WORK TO COMPLETE
Repeat everything from the first line of the listing below through the line that contains "Glasgow Valuation Roll", exactly. Leave out pictures.

SOURCE DATA
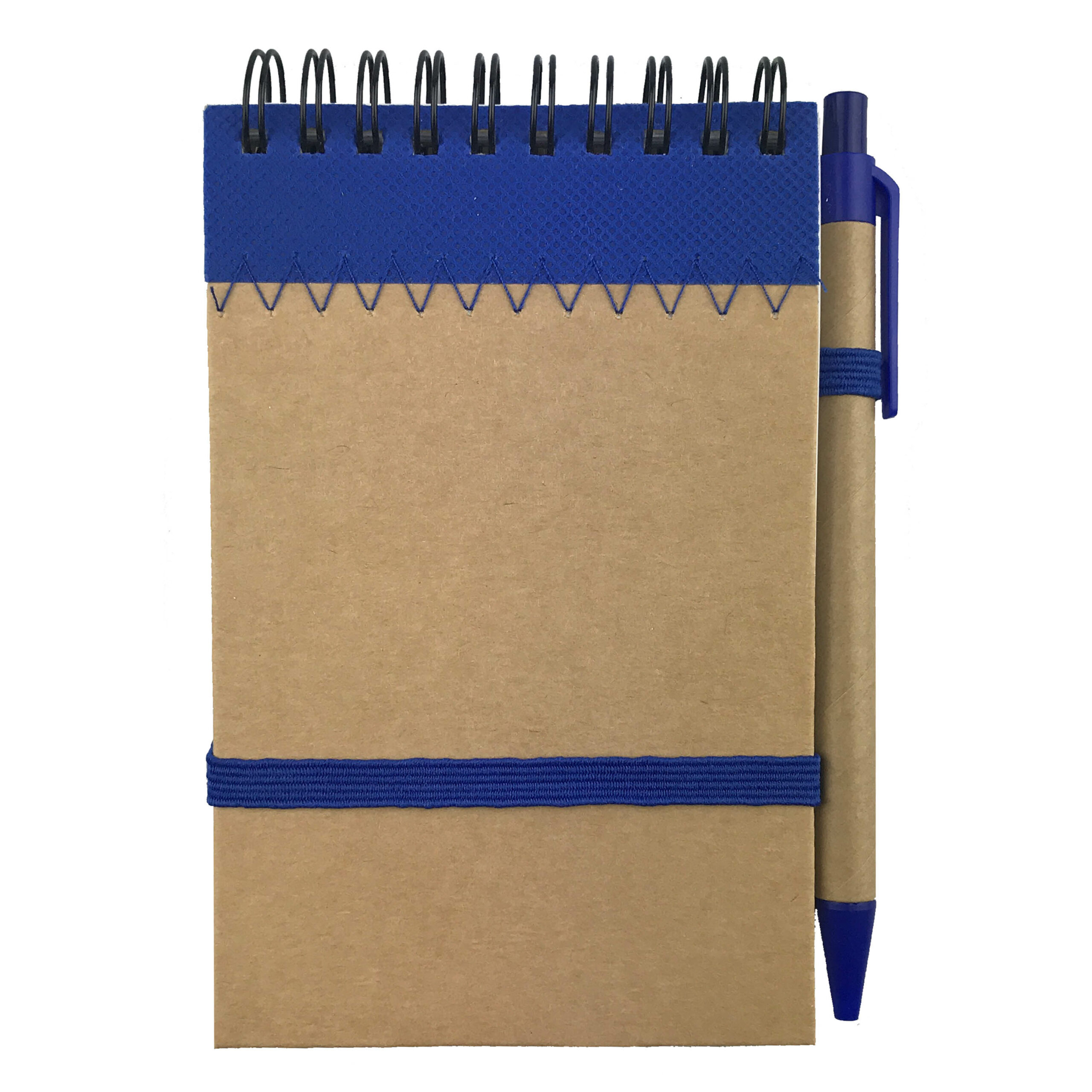 Recycled paper cardboard cover with top spiral binding. 70 pages of lined paper, 70gsm recycled paper. Coloured stripe top made of recyclable non woven. with Coloured elastic closure and color matching paper ball pen
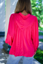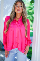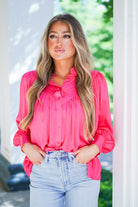 Our Sydney Pleat Top is the perfect blend of style and comfort! With its striking magenta pink color and front button closure, you'll make a statement wherever you go. The cuffed sleeves and pleated bodice detail add a touch of elegance to this long sleeve top. Feel confident and stylish in this must-have addition to your wardrobe!
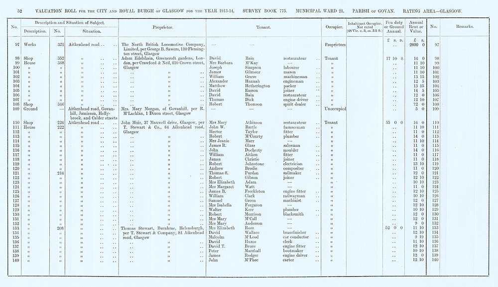 Glasgow Valuation Roll VR 1913-14, Ward 21, p052
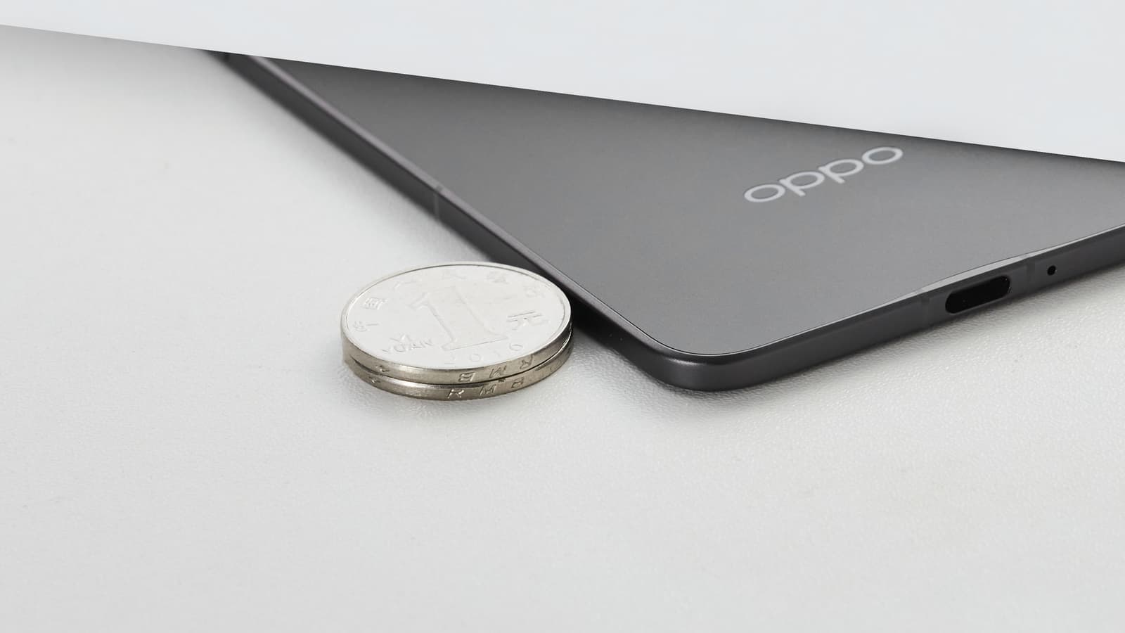 Ранее было объявлено, что Find N5 будет тоньше карандаша. Теперь же нам показали сравнение Oppo Find N5 с двумя монетами номиналом 1 юань и с 4 пластиковыми карточками.

RESULT FOR THIS TASK
 Recycled paper cardboard cover with top spiral binding. 70 pages of lined paper, 70gsm recycled paper. Coloured stripe top made of recyclable non woven. with Coloured elastic closure and color matching paper ball pen
 Our Sydney Pleat Top is the perfect blend of style and comfort! With its striking magenta pink color and front button closure, you'll make a statement wherever you go. The cuffed sleeves and pleated bodice detail add a touch of elegance to this long sleeve top. Feel confident and stylish in this must-have addition to your wardrobe!
 Glasgow Valuation Roll VR 1913-14, Ward 21, p052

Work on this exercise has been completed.